- **Assignment**:
An exact copy of all the lines below is required, with every image left out.

Items from a dataset:

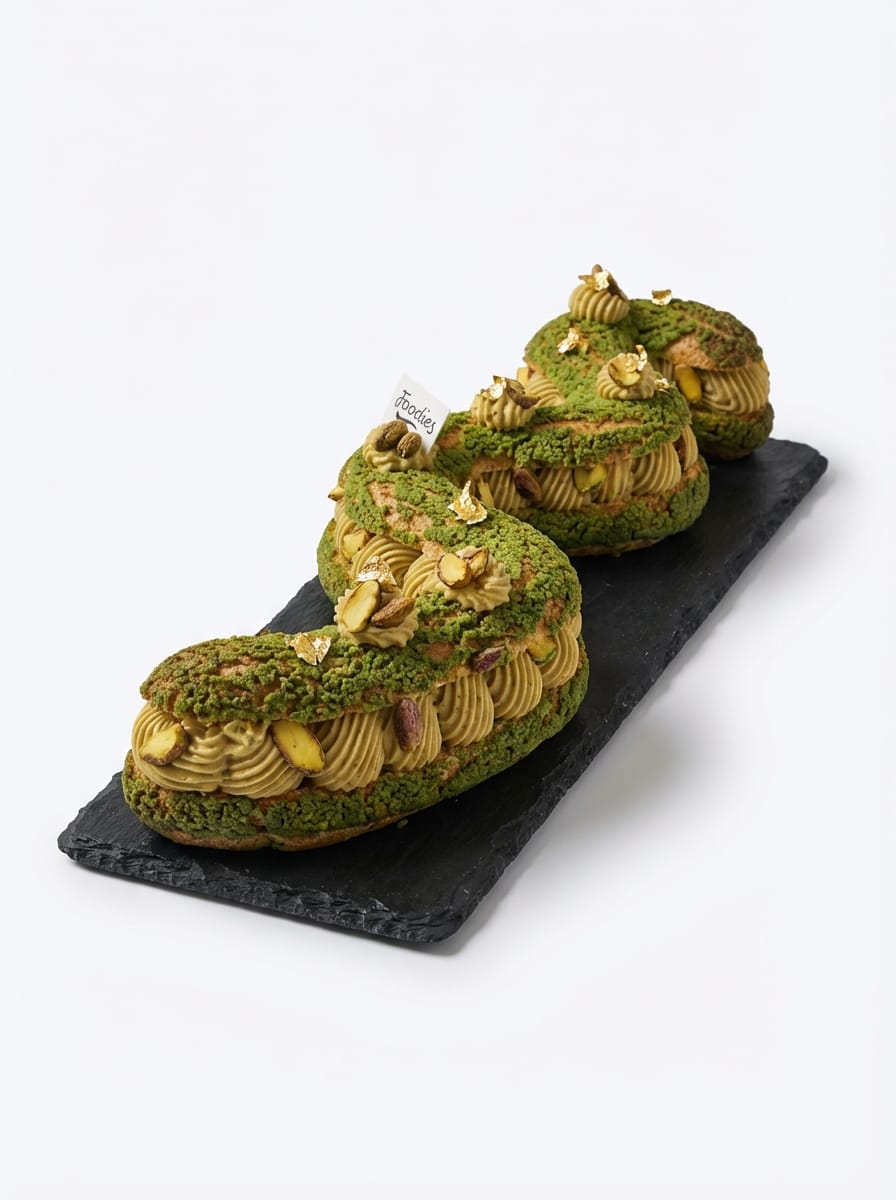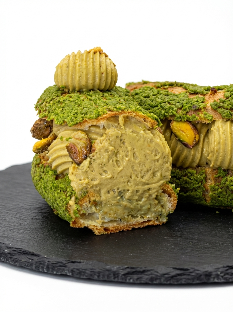 Pâte a choux, craquelin pistache ultra croustillante façon chocolat de Dubaï, pistache caramélisée et mousseline à la pistache
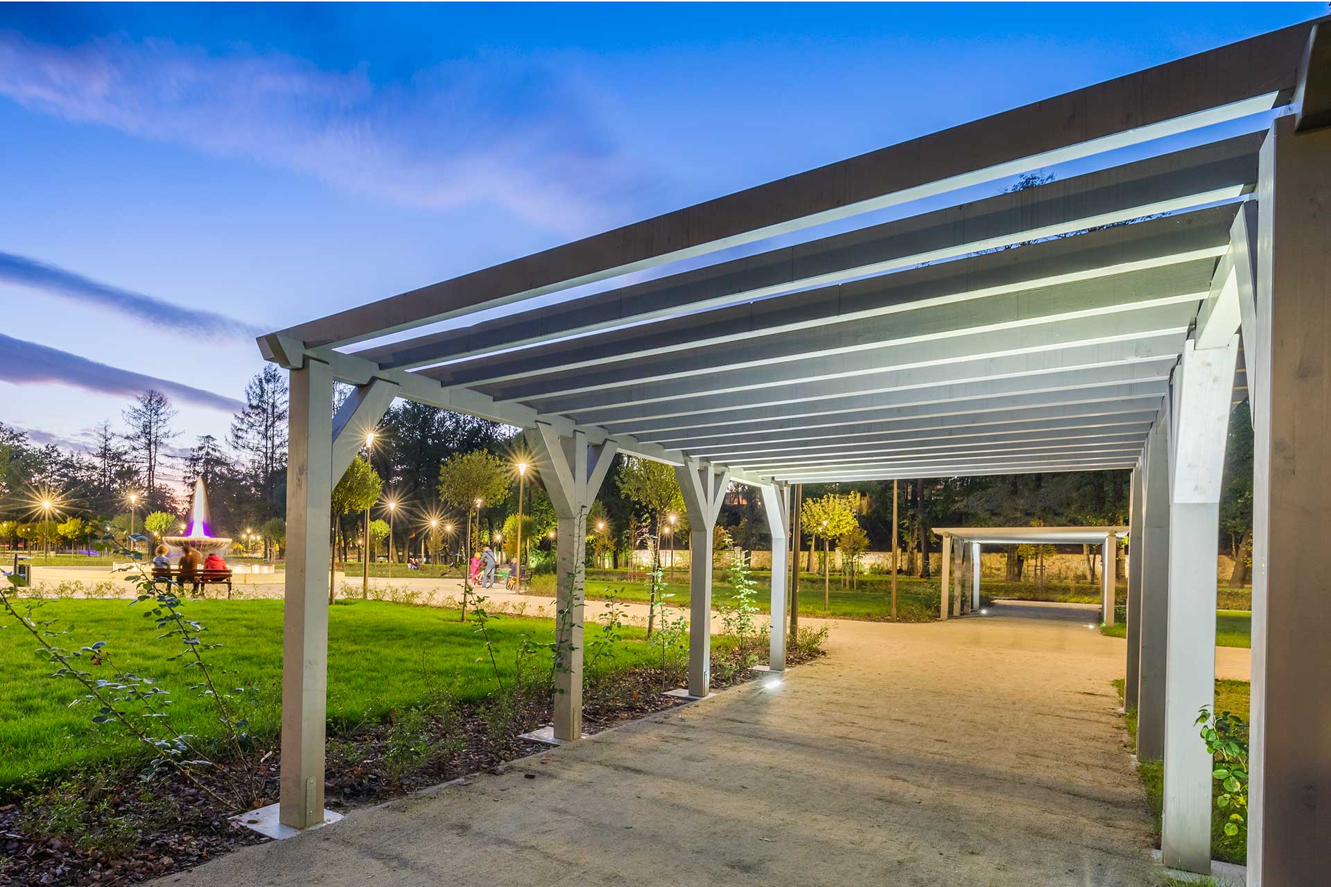 Les pergolas du parc sont éclairées par des projecteurs Terra Midi et Trasso qui contribuent à créer des espaces confortables pour échapper à l’agitation de la ville et admirer les vues et le ciel nocturnes.
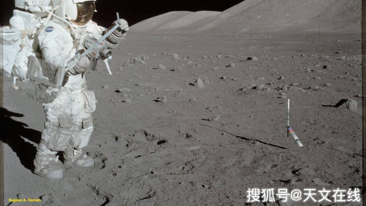 圖解:阿波羅17月球宇航員哈里森施密特在第一次太空行走任務(wù)期間,在陶拉斯-利特羅峽谷地區(qū)登陸地點(diǎn)收集月球樣本。圖片:NASA
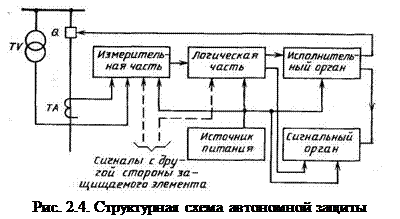 Способы выполнения защит весьма разнообразны. Однако все они обычно строятся на электрических принципах, выполняются в большинстве случаев автономными устройствами и имеют в общем случае две главные части (рис. 2.4) – измерительную н логическую. Измерительная часть, включающая измерительные органы, непрерывно контролирует состояние защищаемого объекта и определяет условия срабатывания в соответствии со значениями входных воздействующих величин. Логическая часть, включающая логические органы, формирует управляющие воздействия в зависимости от комбинации и последовательности поступления на нее сигналов от измерительной части. Обычно логическая часть действует на выключатели не непосредственно, а через исполнительный орган. Измерительная часть, как правило, получает информацию о токах и напряжениях в месте включения защиты через . первичные измерительные преобразователи – трансформаторы тока и напряжения (ТА и TV).
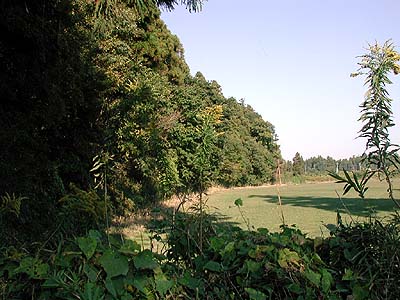 | 訪問記 | [1998/03/06]写真1.および2.は土塁の西端の堀尻が谷津田へ落ち込むところ。街道閉塞用土塁が谷津と谷津を結んで築かれている様子がわかる。しかしこれが土塁の一部とは気付く人は少ないでしょうね。 |
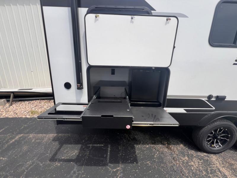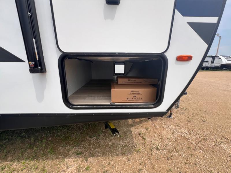 Every trip to the campground will be spent in comfort with this single slide out travel trailer. Once you arrive at the site, remove the kayaks or bikes from the rear storage door, start lunch on the outside kitchen, and put out the 15' power awning with LED lights. The interior includes a booth dinette slide with storage, a bar top with stools, plus an HD TV for movie nights. After a day of fun, head to the front private bedroom for a great night's rest on the queen bed, and you can store your belongings in the dual bedroom wardrobes!
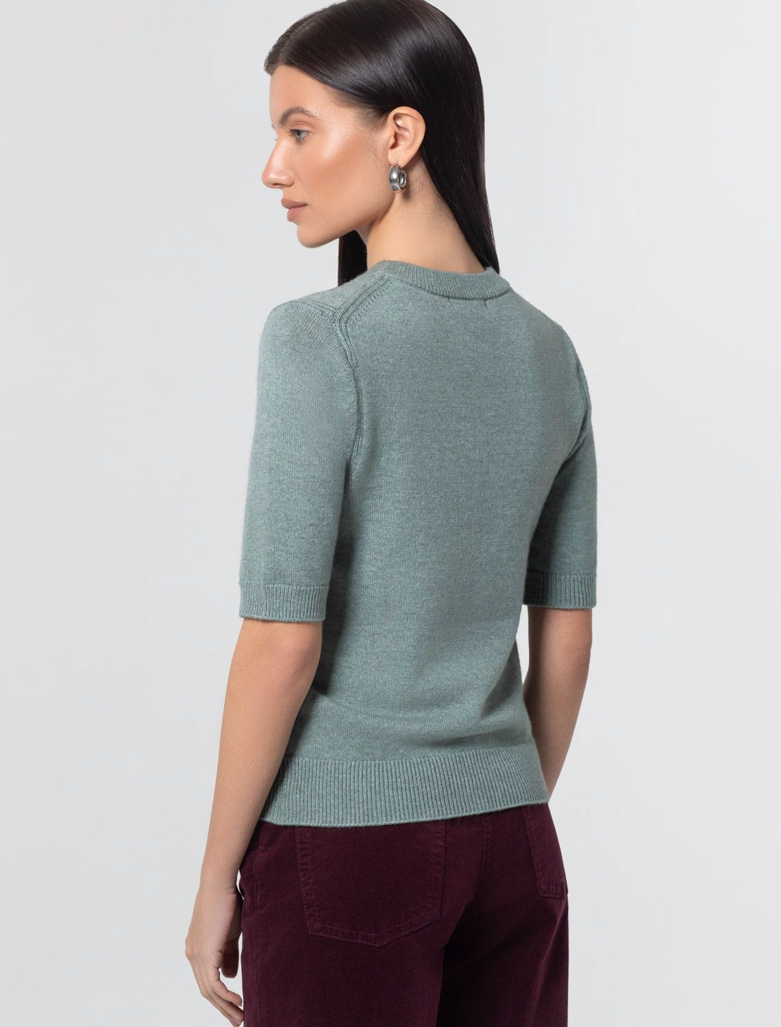 Джемпер с коротким рукавом выполнен из мягкой пряжи с кашемиром. Лаконичная модель с круглым воротом идеально сидит по фигуре. Благодаря своей универсальности подойдет для любого гардероба и в офисный дресс-код. Мягкая пряжа очень приятная к телу, поддержит комфорт на протяжении всего дня, при этом не перегревая. Сочетается в костюме с брюками D38.013, D38.012 и юбкой D36.016

- **Written answer**:
 Pâte a choux, craquelin pistache ultra croustillante façon chocolat de Dubaï, pistache caramélisée et mousseline à la pistache
 Les pergolas du parc sont éclairées par des projecteurs Terra Midi et Trasso qui contribuent à créer des espaces confortables pour échapper à l’agitation de la ville et admirer les vues et le ciel nocturnes.
 圖解:阿波羅17月球宇航員哈里森施密特在第一次太空行走任務(wù)期間,在陶拉斯-利特羅峽谷地區(qū)登陸地點(diǎn)收集月球樣本。圖片:NASA
 Способы выполнения защит весьма разнообразны. Однако все они обычно строятся на электрических принципах, выполняются в большинстве случаев автономными устройствами и имеют в общем случае две главные части (рис. 2.4) – измерительную н логическую. Измерительная часть, включающая измерительные органы, непрерывно контролирует состояние защищаемого объекта и определяет условия срабатывания в соответствии со значениями входных воздействующих величин. Логическая часть, включающая логические органы, формирует управляющие воздействия в зависимости от комбинации и последовательности поступления на нее сигналов от измерительной части. Обычно логическая часть действует на выключатели не непосредственно, а через исполнительный орган. Измерительная часть, как правило, получает информацию о токах и напряжениях в месте включения защиты через . первичные измерительные преобразователи – трансформаторы тока и напряжения (ТА и TV).
 | 訪問記 | [1998/03/06]写真1.および2.は土塁の西端の堀尻が谷津田へ落ち込むところ。街道閉塞用土塁が谷津と谷津を結んで築かれている様子がわかる。しかしこれが土塁の一部とは気付く人は少ないでしょうね。 |
 Every trip to the campground will be spent in comfort with this single slide out travel trailer. Once you arrive at the site, remove the kayaks or bikes from the rear storage door, start lunch on the outside kitchen, and put out the 15' power awning with LED lights. The interior includes a booth dinette slide with storage, a bar top with stools, plus an HD TV for movie nights. After a day of fun, head to the front private bedroom for a great night's rest on the queen bed, and you can store your belongings in the dual bedroom wardrobes!
 Джемпер с коротким рукавом выполнен из мягкой пряжи с кашемиром. Лаконичная модель с круглым воротом идеально сидит по фигуре. Благодаря своей универсальности подойдет для любого гардероба и в офисный дресс-код. Мягкая пряжа очень приятная к телу, поддержит комфорт на протяжении всего дня, при этом не перегревая. Сочетается в костюме с брюками D38.013, D38.012 и юбкой D36.016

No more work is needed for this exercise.